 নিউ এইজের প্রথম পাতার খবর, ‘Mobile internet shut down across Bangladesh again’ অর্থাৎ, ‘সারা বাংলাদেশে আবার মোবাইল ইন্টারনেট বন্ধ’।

▬▬▬

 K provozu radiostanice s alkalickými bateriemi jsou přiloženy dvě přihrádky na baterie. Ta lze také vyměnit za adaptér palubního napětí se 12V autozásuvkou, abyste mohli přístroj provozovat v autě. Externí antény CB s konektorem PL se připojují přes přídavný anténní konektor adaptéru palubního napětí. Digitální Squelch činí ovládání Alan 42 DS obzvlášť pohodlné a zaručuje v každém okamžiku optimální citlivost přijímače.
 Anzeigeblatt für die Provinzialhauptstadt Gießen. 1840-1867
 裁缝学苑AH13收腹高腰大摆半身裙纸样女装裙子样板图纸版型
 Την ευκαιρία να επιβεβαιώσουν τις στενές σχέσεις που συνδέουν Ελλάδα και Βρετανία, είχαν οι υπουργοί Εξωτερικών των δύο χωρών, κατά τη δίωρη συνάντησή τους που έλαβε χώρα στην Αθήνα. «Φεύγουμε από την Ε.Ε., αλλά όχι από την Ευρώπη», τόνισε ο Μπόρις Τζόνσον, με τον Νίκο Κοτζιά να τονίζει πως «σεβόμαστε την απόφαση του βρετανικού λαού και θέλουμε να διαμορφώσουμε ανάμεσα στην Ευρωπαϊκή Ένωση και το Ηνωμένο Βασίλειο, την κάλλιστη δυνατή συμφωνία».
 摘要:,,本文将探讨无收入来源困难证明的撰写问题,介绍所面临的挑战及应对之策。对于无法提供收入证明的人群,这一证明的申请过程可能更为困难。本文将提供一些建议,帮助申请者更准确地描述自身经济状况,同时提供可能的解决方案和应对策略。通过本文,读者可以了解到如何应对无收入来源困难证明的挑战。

▬▬▬

* [The problem]:
From the records above, transcribe without alteration every line from the one with "Την ευκαιρία να" to the one with "摘要:,,本文将探讨无收入来", inclusive.

* [Exercise solution]:
 Την ευκαιρία να επιβεβαιώσουν τις στενές σχέσεις που συνδέουν Ελλάδα και Βρετανία, είχαν οι υπουργοί Εξωτερικών των δύο χωρών, κατά τη δίωρη συνάντησή τους που έλαβε χώρα στην Αθήνα. «Φεύγουμε από την Ε.Ε., αλλά όχι από την Ευρώπη», τόνισε ο Μπόρις Τζόνσον, με τον Νίκο Κοτζιά να τονίζει πως «σεβόμαστε την απόφαση του βρετανικού λαού και θέλουμε να διαμορφώσουμε ανάμεσα στην Ευρωπαϊκή Ένωση και το Ηνωμένο Βασίλειο, την κάλλιστη δυνατή συμφωνία».
 摘要:,,本文将探讨无收入来源困难证明的撰写问题,介绍所面临的挑战及应对之策。对于无法提供收入证明的人群,这一证明的申请过程可能更为困难。本文将提供一些建议,帮助申请者更准确地描述自身经济状况,同时提供可能的解决方案和应对策略。通过本文,读者可以了解到如何应对无收入来源困难证明的挑战。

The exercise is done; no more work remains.